I'm more inclined to believe Google's results than anybody elses, the amount
of data they have is staggering and the results they got are fairly clear cut.
I personally don't bother cooling spinning disks, it just seems like a
complete waste of time and effort based on that paper.

------
mnordhoff
"With varying numbers of drives for each model, it is possible that some bad
batches may have made their way into the sample pool, thus further skewing the
numbers."

So, to measure drive reliability, the author recommends that you don't count
unreliable drives, since it may "skew the numbers"?

------
cuhaos
This Tweaktown article offers nothing in the way of factual evidence to
discount any of the hard work Backblaze put into that blog post.

Shame on Tweaktown for poo poo'ing on Backblaze's effort.

------
techsupporter
I'm curious why the author believes that beating the ever loving crap out of
drives in harsh conditions and seeing which ones come out, overall, on top
creates a myth.

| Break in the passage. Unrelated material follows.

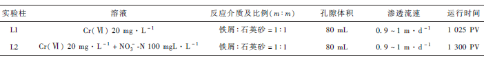 L1 通入20 mg·L - 1 Cr(Ⅵ) 溶液,L2 通入20mg·L - 1 Cr(Ⅵ) + 100 mg·L - 1 NO3- -N 的混合溶液。溶液由柱子的下部輸入上部流出,每隔一定孔隙體積數(PV)從上到下由取樣孔依次取水樣5 ~ 10 mL,過0. 45 μm 濾膜后測溶液的pH 值、Cr(Ⅵ)和NO3- 、NO2- 和NH4+ 濃度。實驗柱子參數見表2。

Perhaps the Backblaze article is better headlined "which hard
drives seem to hold up well under pressure." Consumer environments usually
have crappy, unreliable power (power strip chained to power strip plugged into
an outlet from the 1960s), random vibrations (especially with kids), and poor
air flow conditions (who here has done Family IT and had to carve the dust out
of the case stuck behind a non-moving fan?). The only thing a consumer
environment lacks from Backblaze's comparison is 24/7 read/write operations.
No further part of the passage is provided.